#### [THE PROBLEM]
Restate each of the lines below word for word and drop every picture.

#### [INFORMATION PROVIDED]
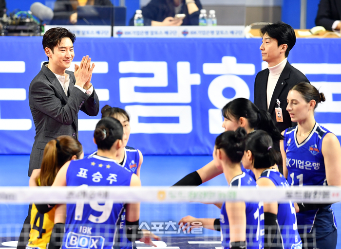 IBK 광고모델인 이제훈이 5일 화성실내체육관에서 열린 2023-2024 V리그 여자부 IBK기업은행과 흥국생명의 경기에서 시구를 한 후 선수들에 선전을 당부하고 있다. 2024.3.6. 화성 | 강영조 기자 kanjo@sportsseoul.com
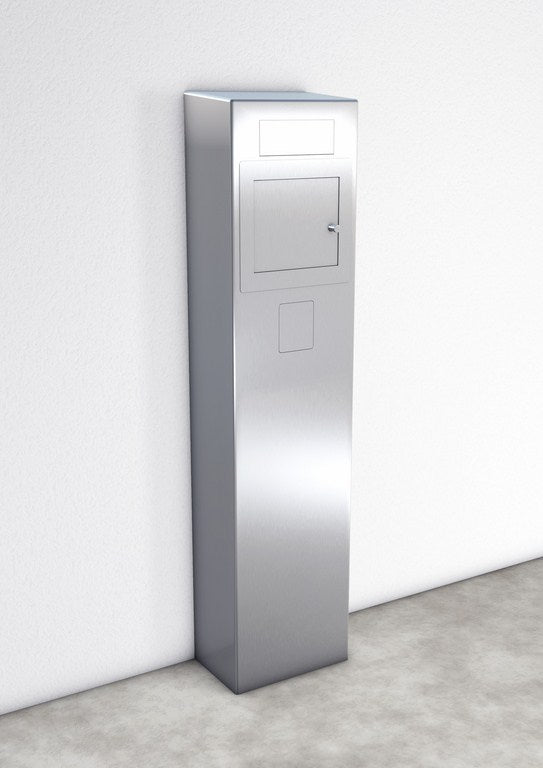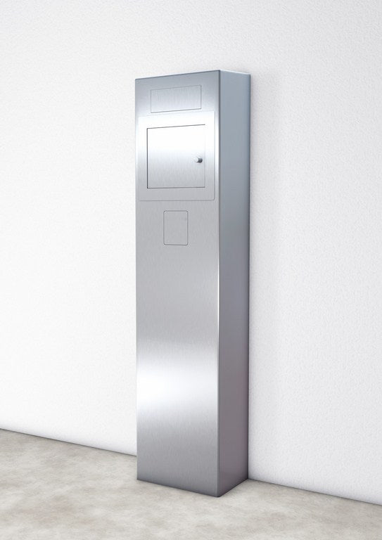 De zuil is vervaardigd uit hoogwaardig roestvrij staal met een gepolijste finish, wat zorgt voor een stijlvolle uitstraling en maximale weerbestendigheid. De afgeschuinde afdekking voert regen- en spatwater effectief af.
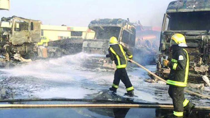 وفاة مقيم حرقًا واحتراق 5 شاحنات وصرافة بنك في تصادم بـ #الشرقية
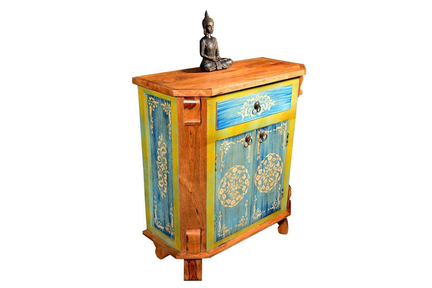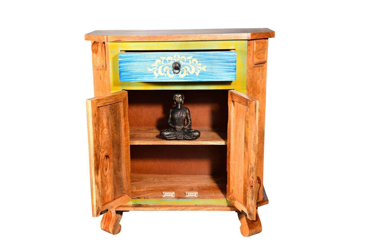 Chirmi Reclaimed one shelf wardrobe is made by Mango Wood with rustic antique finish.This is one door small almirah. We can use it for multipurpose. You can buy Solid wood furniture online from O my furniture.

#### [RESPONSE TO THE TASK]
 IBK 광고모델인 이제훈이 5일 화성실내체육관에서 열린 2023-2024 V리그 여자부 IBK기업은행과 흥국생명의 경기에서 시구를 한 후 선수들에 선전을 당부하고 있다. 2024.3.6. 화성 | 강영조 기자 kanjo@sportsseoul.com
 De zuil is vervaardigd uit hoogwaardig roestvrij staal met een gepolijste finish, wat zorgt voor een stijlvolle uitstraling en maximale weerbestendigheid. De afgeschuinde afdekking voert regen- en spatwater effectief af.
 وفاة مقيم حرقًا واحتراق 5 شاحنات وصرافة بنك في تصادم بـ #الشرقية
 Chirmi Reclaimed one shelf wardrobe is made by Mango Wood with rustic antique finish.This is one door small almirah. We can use it for multipurpose. You can buy Solid wood furniture online from O my furniture.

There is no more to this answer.